A MID-PROTEROZOIC BROAD, SHALLOW LAKE: HELENA FORMATION, BELT SUPERGROUP, WESTERN MONTANA AND NORTHERN IDAHO


WINSTON, Don, Geosciences, University of Montana, Missoula, MT 59812, don.winston@umontana.edu

Precambrian lake deposits are difficult to differentiate from marine deposits chiefly because Precambrian rocks lack fossils of multicellular biotas. Lake processes are in many ways similar to marine processes, and their records may also appear similar. The 1.45 Ga Helena Formation of the Mid-Proterozoic Belt Supergroup was deposited in an intracratonic block-fault basin and is inferred to be lacustrine on the basis of its styles of its 1-10 m-thick sedimentary cycles. The Helena lake was at least 500 km N-S and 300 km E-W. Based on description and correlation of more than 30 measured sections, vertical and lateral facies patterns were identified and interpreted. Layers more than 3 cm thick of hummocky very fine sand layers capped by dark mud occupy the lake center. They thin and fine shoreward to undulating silt-to-mud graded layers 3.0 to 0.3 cm thick. These continue to thin and fine to graded layers less than 0.3 mm thick across the lake margins.
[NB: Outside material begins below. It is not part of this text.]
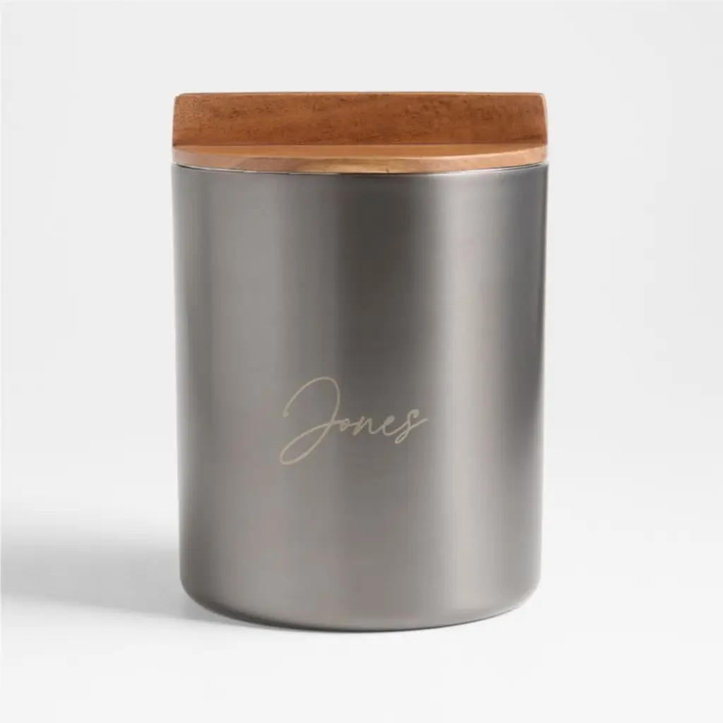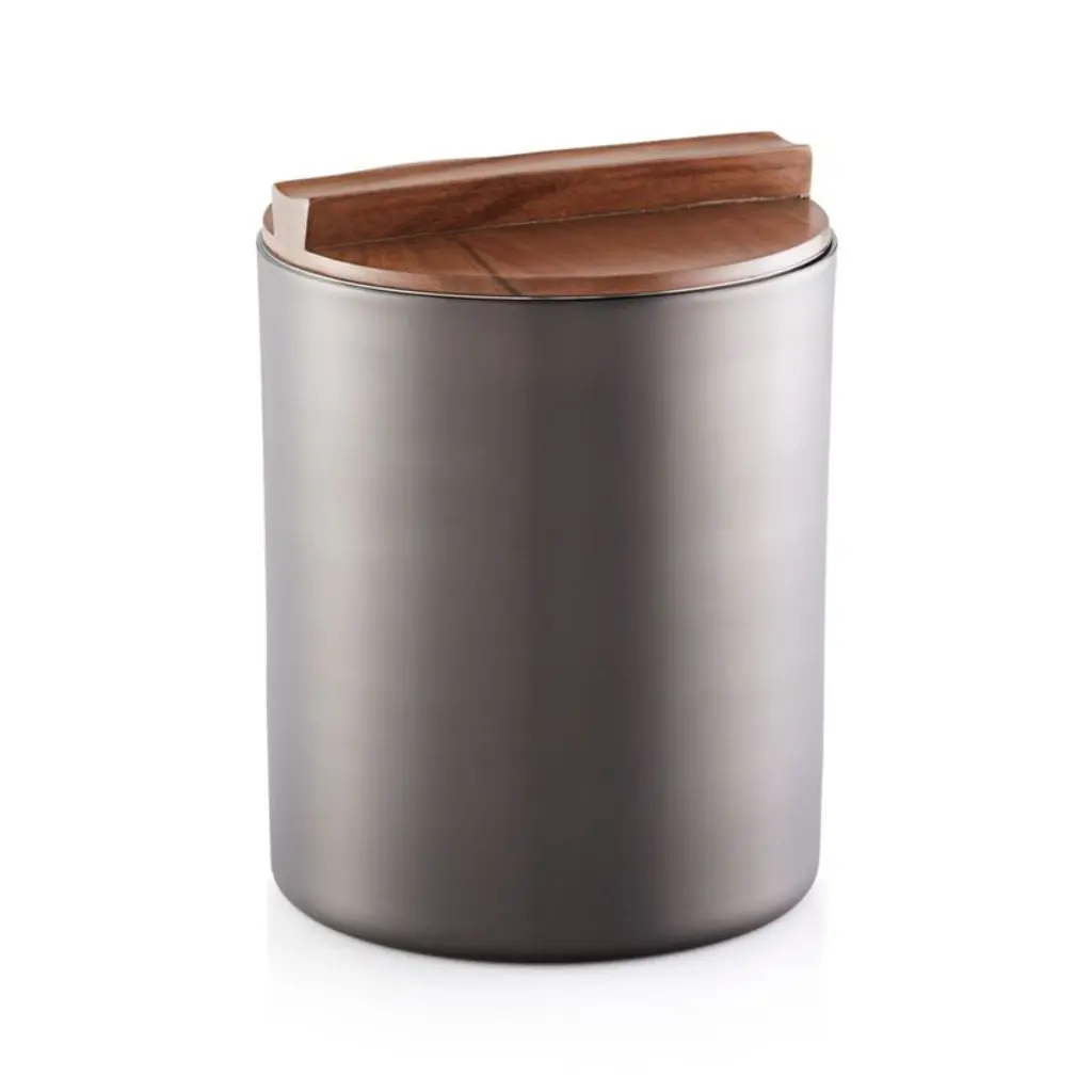 Recalling the simplicity and craftsmanship of colonial pewter, our Fenton ice bucket translates simple lines and straightforward function into a sleek, contemporary design with a sophisticated matte graphite finish and warm acacia wood lid. Double-walled construction keeps ice cold and reduces condensation.

The lake lacked a clinoform and fondoform, and its floor was exceedingly flat, shallow, and everywhere above storm wave base. Mud and very fine sand were continually reworked by storms in the center of the lake, and mud was driven to the lake margins.

Helena cycle bases record exposure around the edges of the lake, but not below base level in the lake center. Lower half-cycles record lake expansion and development of a siliciclastic highstand facies tract, with with water undersaturated with respect to Ca, Mg, CO3. Upper half-cycles record lake contraction, with only slight regression of the siliciclastic facies tract. However, lake waters became supersaturated with respect to Ca, Mg, CO3, and dolomite mixed with siliciclastic facies accumulated across most of the basin.